→ EXERCISE INSTRUCTIONS
Start at the line with "Двухуровневый глянцевый натяжной" in the records below, stop at the line with "Women's Polyester Scarf, Multicolor", and return every line in that span exactly, the two end lines included.

→ DATASET CONTENT
##############################

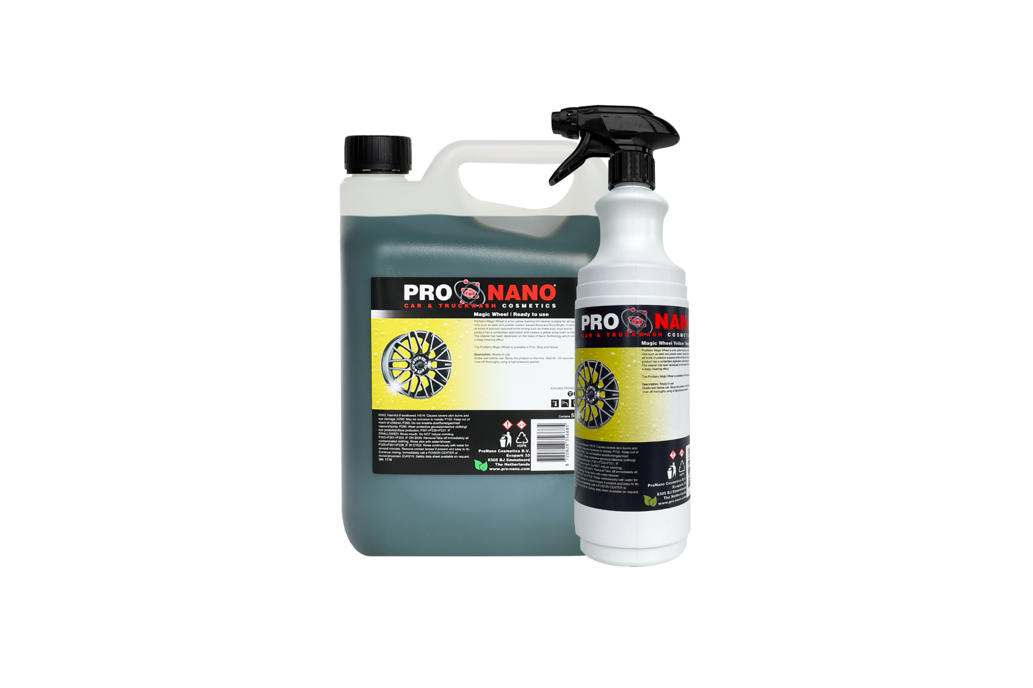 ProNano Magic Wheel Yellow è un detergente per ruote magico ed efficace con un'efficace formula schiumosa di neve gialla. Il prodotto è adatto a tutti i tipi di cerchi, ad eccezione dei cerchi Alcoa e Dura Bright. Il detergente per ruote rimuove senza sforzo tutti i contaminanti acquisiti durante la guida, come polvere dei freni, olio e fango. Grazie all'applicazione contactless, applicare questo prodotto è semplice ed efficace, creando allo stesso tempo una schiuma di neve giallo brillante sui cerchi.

##############################

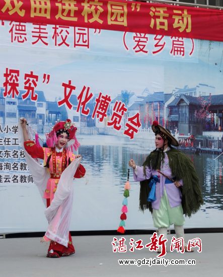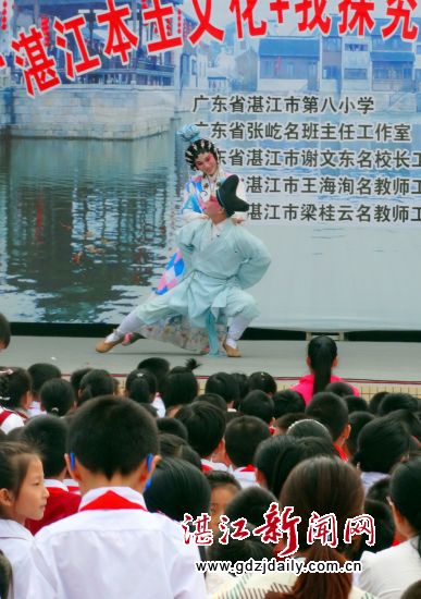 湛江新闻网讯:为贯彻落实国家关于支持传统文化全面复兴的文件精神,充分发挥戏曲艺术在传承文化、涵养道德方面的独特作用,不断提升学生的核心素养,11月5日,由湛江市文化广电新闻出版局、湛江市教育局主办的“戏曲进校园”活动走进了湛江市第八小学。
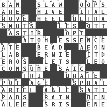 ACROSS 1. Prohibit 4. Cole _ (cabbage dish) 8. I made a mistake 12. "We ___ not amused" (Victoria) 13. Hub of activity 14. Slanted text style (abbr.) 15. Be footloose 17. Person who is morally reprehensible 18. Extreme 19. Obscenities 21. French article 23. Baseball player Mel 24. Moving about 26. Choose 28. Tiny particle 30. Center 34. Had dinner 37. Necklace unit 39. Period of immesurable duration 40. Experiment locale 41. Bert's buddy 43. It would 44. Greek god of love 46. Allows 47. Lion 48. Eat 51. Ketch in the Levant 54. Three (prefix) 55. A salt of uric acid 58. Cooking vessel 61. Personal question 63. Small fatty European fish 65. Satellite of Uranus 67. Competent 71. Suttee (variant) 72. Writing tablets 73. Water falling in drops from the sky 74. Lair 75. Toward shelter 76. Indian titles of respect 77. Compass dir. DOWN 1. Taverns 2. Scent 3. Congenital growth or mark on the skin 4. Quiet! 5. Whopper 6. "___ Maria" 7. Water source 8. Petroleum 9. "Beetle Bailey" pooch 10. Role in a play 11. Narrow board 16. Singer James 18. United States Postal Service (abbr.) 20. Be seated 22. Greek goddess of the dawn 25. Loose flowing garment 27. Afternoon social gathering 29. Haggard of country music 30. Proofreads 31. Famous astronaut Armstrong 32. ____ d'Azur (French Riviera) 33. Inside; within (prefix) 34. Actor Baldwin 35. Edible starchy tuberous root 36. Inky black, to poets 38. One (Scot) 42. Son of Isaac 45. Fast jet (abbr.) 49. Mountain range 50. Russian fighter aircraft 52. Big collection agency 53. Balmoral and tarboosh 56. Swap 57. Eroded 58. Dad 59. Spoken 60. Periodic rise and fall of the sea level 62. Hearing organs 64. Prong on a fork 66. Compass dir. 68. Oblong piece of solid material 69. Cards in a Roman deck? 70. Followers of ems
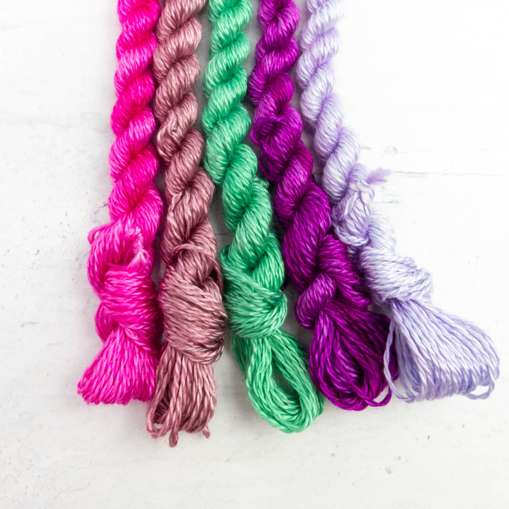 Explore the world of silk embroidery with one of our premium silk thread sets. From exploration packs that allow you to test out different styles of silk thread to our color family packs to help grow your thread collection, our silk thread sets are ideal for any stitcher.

##############################

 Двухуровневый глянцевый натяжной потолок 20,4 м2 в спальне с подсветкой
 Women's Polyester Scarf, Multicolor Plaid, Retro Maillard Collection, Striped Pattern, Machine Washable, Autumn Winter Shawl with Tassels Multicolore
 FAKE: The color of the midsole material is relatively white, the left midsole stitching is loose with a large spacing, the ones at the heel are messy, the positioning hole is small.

##############################

→ EXERCISE SOLUTION
 Двухуровневый глянцевый натяжной потолок 20,4 м2 в спальне с подсветкой
 Women's Polyester Scarf, Multicolor Plaid, Retro Maillard Collection, Striped Pattern, Machine Washable, Autumn Winter Shawl with Tassels Multicolore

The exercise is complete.